But in contrast to animals, plants don't roam. With plants, it's not so much about how to get from A to B via a landbridge, a physical 'subaerial' connection, subsequent island hopping (like in the case of Hawaii), in the feathers or bellies of birds (Aponogeton), blown with the wind (birches and alders, and the enigmatic southern hemispheric Nothofagus), floating by yourself (Cycas, several palms) or on natural rafts. All long-known and -pondered, recently a bit forgotten; see e.g. this nearly 70 years old scientific essay about trans-oceanic plant dispersal with respect to the flora of New Zealand; and Ridley (1930) about the modes of dispersal (including not a few that directly invalidate any model used for 'explicit' biogeographic inferences), a book we had to use several times lacking any newer research along the same lines. It's about whether B is a place to root (quite literally). And, it helps to know where you were, when the plant thrived (10, 20, 50, 100 million years ago).
The proper way to do it – the wonderful world of easy-to-access palaeglobes
When you have a dated tree, and some idea about the fossil record, you just put that into the proper context and you can end up with a biogeographic scenario, better than any (no matter how fancy) programme could possibly infer. The proper context is the past Earth. As a geologist-biologist, when you search for palaeoglobes, globes that show the past Earth, you end up with two principal choices: the works by Ron Blakey (his new page: Deep Time Maps) or Robert Scotese (PALEOMAP project); both equally fantastic and a priceless resource. |
| Plotting the actual (not inferred) geographic history of the beech (from Denk & Grimm 2009); see also The challenging and puzzling beech – a (hi)story. |
For our beech biogeographic history, we went for Blakey's maps because at the time Scotese's were not so easy to access (they differ in aspects, getting a palaeoglobe is as much mathematics as it is an artform), and Blakey provided a special service when you asked him: he would tilt the globe in a way that suits you.
Because his wife insisted (she wrote our invoices, at least, when we used his maps for later papers), he has to make some money with it. You have to pay a modest fee these days to use Blakey's maps in a scientific (i.e. non-profit) publication. I believe every phylogeographic paper should include a figure like the one(s) above, but I suppose when you pay 3000 US$ for gold open access, you can't afford paying 100–200 bucks for a nice digital palaeoglobe providing a real background for your hypotheses and scenarios.

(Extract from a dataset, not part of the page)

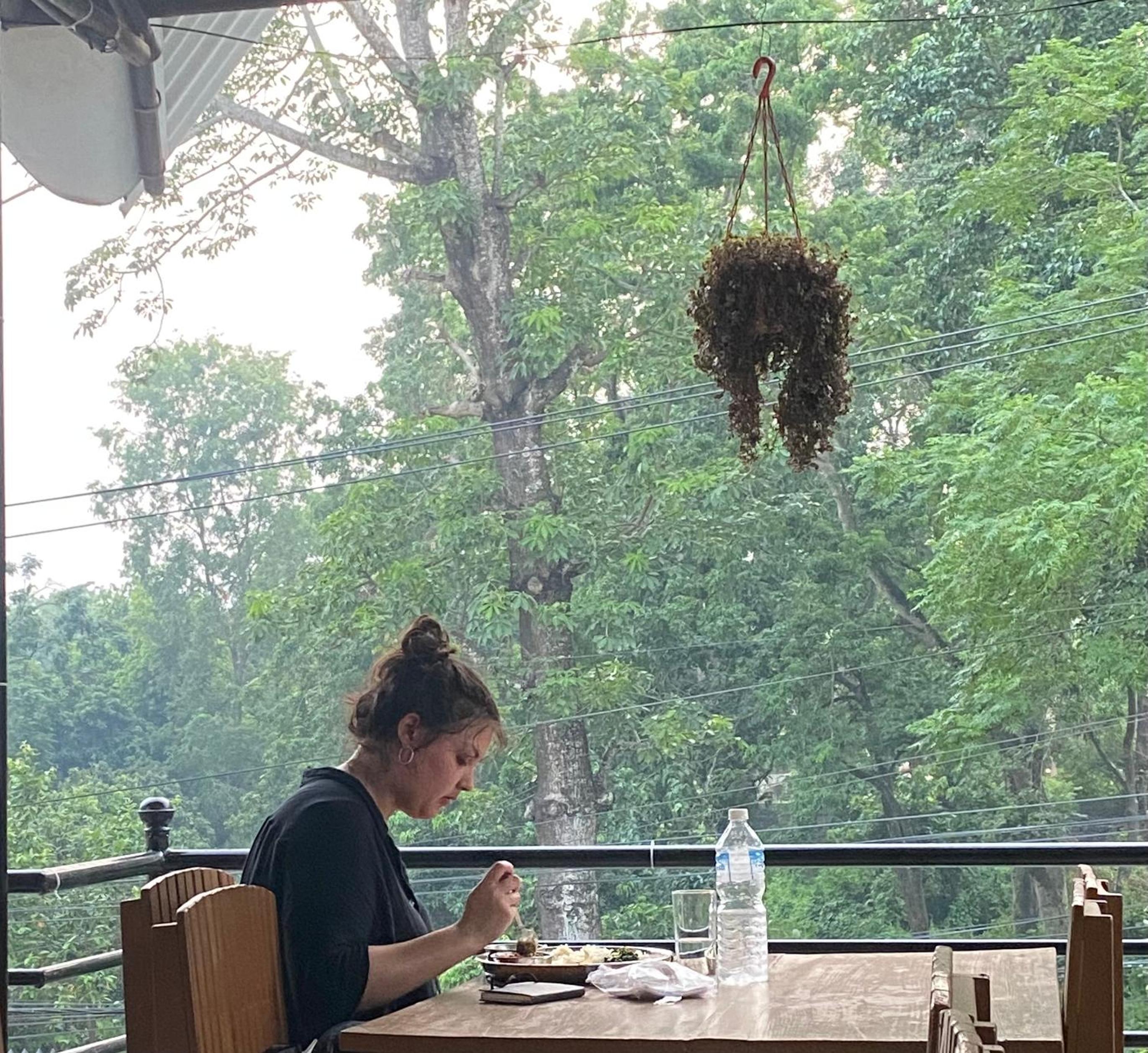 The roof top is perfect for birders since it has a view on an old orchard garden full of woodpeckers, warblers, magpies, tit birds, sparrow hawks, kites, Alexandrine parakeets, bulbuls.We even watched a white stork flying over and an ibis resting nearby.Koels are miawing in the morning.This is the perfect location for ornithology. I think they ve got binoculars downstairs to borrow.The room had decent AC and hot water shower.The hotel is located not far from the water where we watched wild crocodiles.A lot of elephants in the area as well.Take this hotel when you love nature.

Quite recently, and rather by accident than purpose (while browsing for interest, the benefit of being out-of-science-business), I found Scotese's related project page on ResearchGate Earth History: The Evolution of the Earth System – his entire work is now free and easy to access! A treasure chest for phylogeography. Or anyone interested how our world used to look like.
He also has some nice, easy videos on YouTube about the Earth how it was and how it will become, interesting also for the general public (tested on family members).
An interview: A Paleogeographer's Song.
The golden egg
And even more recently, I noticed that for some of his time sheets, he now also provides a GoogleEarth layer (kmz) file (here's GoogleEarth's video how to import KML and KMZ files). Now everyone (with a not too crappy computer), specialist scientist or just curious person, can dive into Earth's past.From whatever angle you want. A few, sparsely annotated, example screenshots (just the bits for the last 80 Ma; all globes within a series are centred on the same point and same zoom; all palaeoglobes: © 2013 Robert Scotese, PALEOMAP project).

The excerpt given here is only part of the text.